QUALIFICATIONS: Must have at least three (3) years hospital inpatient experience coding within the

last five years. Demonstrated ability to understand the clinical content of a health record,

including the most complicated records. Must also be able to communicate with physicians in order to

clarify diagnoses/procedures and sequencing of diagnoses. Ability to demonstrate knowledge of and

utilize auditing skills related to coding quality and compliance. Must be able to meet quantity and

quality standards established for Coder II. Must maintain a minimum of ten (10) CE units annually.

Must maintain current coding credential. Will abide by the American Health Information Management

Association coding code of ethics.

 

Must be able to work in a Labor/Management Partnership.

 

PREFERRED QUALIFICATIONS: Background knowledge analysis, assembly, terminal digit filing, and

physician's incomplete processing experience preferred.

 

SKILLS TESTING: Basic PC skills. Minimum of 35 words per minute. Must be able to pass Kaiser coding

test at 75 %.

 

DUTIES:

 

Review medical records to identify diagnoses/procedures. Independently organizes and prioritizes all

work to ensure that records are coded in timeframes that will assure compliance with regulatory

requirements. Demonstrates a comprehensive, expert-level of knowledge of all procedures concerning

the sequencing of diagnoses, procedures such as but not limited to those outlined in ICD-9-CM, CPT,

Uniform Hospital Discharge Data Set, Medicare guidelines and other appropriate classification

systems.

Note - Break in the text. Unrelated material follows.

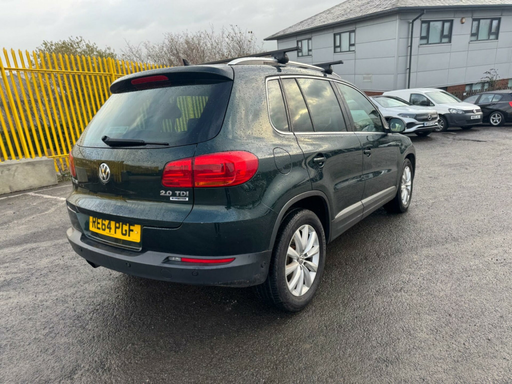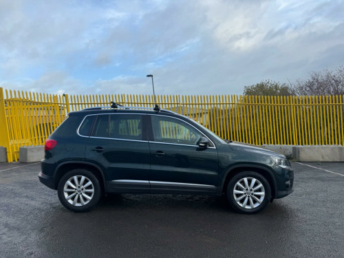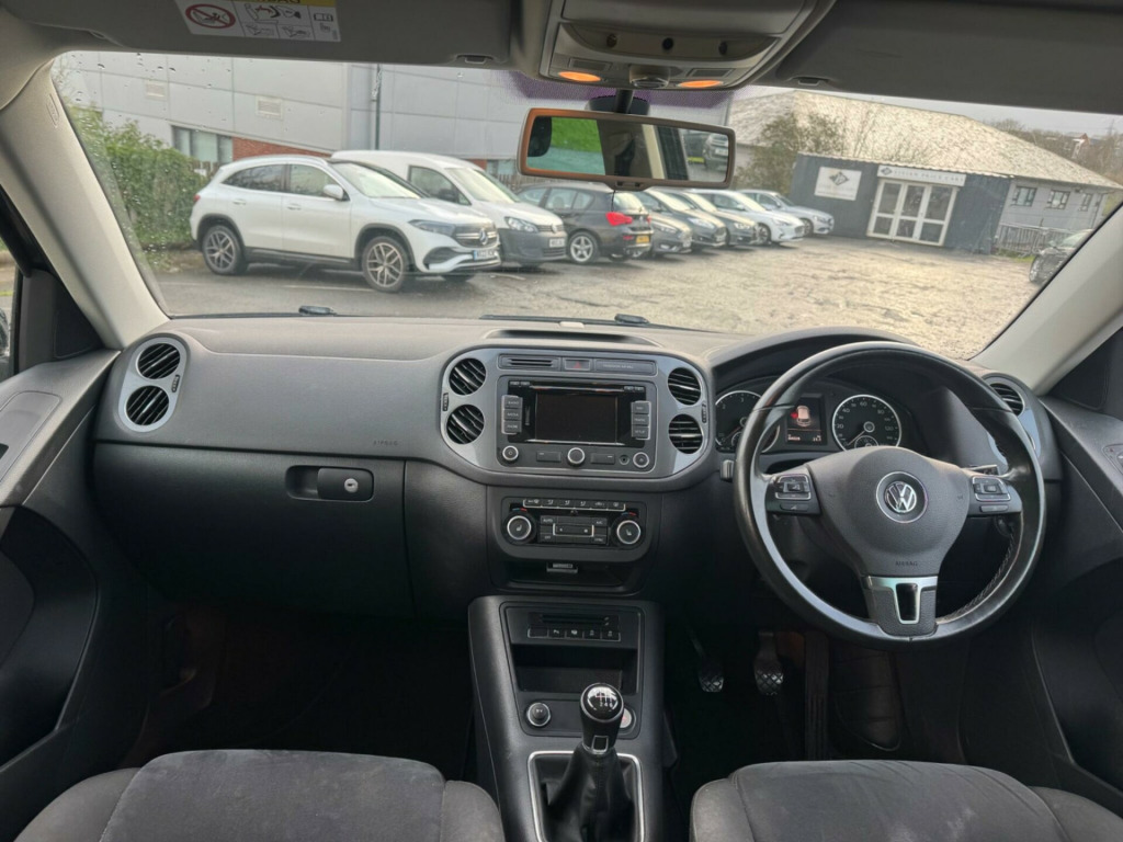 This 2014 Volkswagen Tiguan TDI Match presents a remarkable opportunity with its exceptionally low mileage of just 83,000 miles and a history of only two owners. As a 2.0 litre diesel model in the popular Match trim, this Tiguan offers a blend of practicality and comfort. It comes equipped with front and rear parking sensors, including Park Assist to help you manoeuvre with ease. The convenience continues with automatic dusk sensing headlights and a 2 zone electronic climate control system that automatically recirculates the air. Stay connected on the go with the integrated Bluetooth telephone preparation.This Volkswagen Tiguan stands out with its impressive fuel economy, achieving a highlight of 53 miles per gallon, which is significantly better than many other vehicles in its class. Furthermore, its low CO2 emissions and low insurance group rating contribute to lower running costs, making it an economical choice for everyday driving. These factors combined indicate a vehicle that offers both efficiency and affordability. v socket - centre console, 12v socket - luggage compartment, 17in alloy wheels - new orleans, 2 zone electronic climate control with automatic air recirculation, abs - anti-lock braking system, asr - anti slip regulation, air vent surrounds - steel finish, airbags - curtain, airbags - driver, airbags - front passenger, airbags - front passenger with deactivation switch, airbags - front seat side impact, alarm with interior protection, anti-theft wheel bolts, armrest - front centre with storage compartment, automatic dimming rear view mirror, aux-in socket, bluetooth telephone preparation, body coloured bumpers, body coloured door handles, body-coloured door mirrors with integrated indicators, central locking - remote with 2 remote keys, chrome trimmed front air intake grille surround, colour screen - 5in, cup holders - front x2 rear x1, cup holders - rear x2, dash-mounted mp3 compatible cd player, dashboard and centre console - anthracite metallic, differential lock - electronic, door mirrors - electrically adjustable and heated, driver alert system, ebd - electronic brake pressure distribution, esp - electronic stability programme, electric windows - front and rear, electronic engine immobiliser, electronic parking brake with auto hold function, flat tyre indicator, folding front seat backrest, folding table on back of front seats, footwell illumination - front, front fog lights with cornering lights, front seat back storage pockets, front sports seats, glovebox - cooled and lockable, head restraints - front whiplash optimised, headlights - coming-leaving home function, headlights - dusk sensor - automatic driving lights, headlights - halogen clear - range adjustable, heated rear window, height and reach adjustable steering column, high level 3rd brake light, isofix child seat preparation for 2 rear seats, instrument lighting - white adjustable panel illumination, interior light delay, interior lighting delay, lights on warning buzzer, load-through provision, luggage compartment cover - removable, luggage compartment light, luggage compatrment - load lashing points x5, mdi - multi device interface with usb - ipod connection cables, multifunction computer, park assist including parking sensors front and rear, parking sensors - front, parking sensors - rear, power assisted steering - speed sensitive, rns 315 touch screen satellite navigation and dab radio system, radiator grille - black with chrome louvres, rain sensor, reading lights - front x2, rear wash wipe with intermittent wipe, rigid safety cell with front and rear crumple zones, roof rails - chrome plated, sd card reader, seatbelt reminder, seats - front lumbar support, seats - split folding rear backrests 60-40 - sliding and reclining, side window surrounds - chrome, side and rear protection pack - black with chrome-plated insert, silver metallic decorative inserts in door panels, spare wheel - space saver steel, speakers x8, split folding rear backrests 60-40, static cornering function, steering wheel - 3-spoke - leather trimmed, steering wheel - multifunction leather trimmed, storage compartment in drivers door for 1.0 litre bottle, storage compartment in passengers door for 1.5 litre bottle, storage compartment in roof console, storage tray in centre console, storage tray on dashboard, sun visors - vanity mirrors and illuminated, three rear head restraints, tinted glass - heat insulating rear 65 percent light absorbing from b pillar backwards, tyre pressure indicator, under seat drawers - front, unique bluemotion technology badging, warning triangle, windscreen wipers with intermittent wipe and 4 position delay

Demonstrates knowledge of anatomy and physiology to interpret general medical

classifications for coding discharge data including the most complicated encounters/cases.

 

Assigns Codes. Codes all diagnostic and operative information from the medical record using

ICD-9-CM, CPT and HCPCS coding classification systems and independently quality checks own work.

Selects the Diagnosis Related Group (DRG) for each inpatient case. Optimizes hospital payment

legitimately and ethically by utilizing approved coding guidelines and conventions. Reviews DRG

discrepancies from the fiscal intermediary to ensure the appropriate per case DRG assignment.

Verifies and abstracts, all medical data from the record to complete a data abstract on each

hospital encounter. Corrects data as appropriate.

 

Ensures that all data abstracted is consistent with guidelines outlined by JCAHO, OSHPD and CMS,

regional and local policy.

 

Other Duties:

 

Answers the telephone promptly and identifies themselves and the department.

 

Acts as an expert resource person to other coders and personnel in other hospital departments

regarding coding questions and issues.

 

Other duties as assigned by supervisors.

 

Supervisory Responsibilities

 

This job has no supervisory responsibilities.

 

Compliance Accountability

 

Consistently supports compliance and the Principles of Responsibility (KP's code of conduct) by

maintaining confidentiality, protecting the assets of the organization, acting with ethics and

integrity, reporting non-compliance, and adhering to applicable Federal and State laws and

regulations, accreditation and licensure requirements, and KP policies and procedures.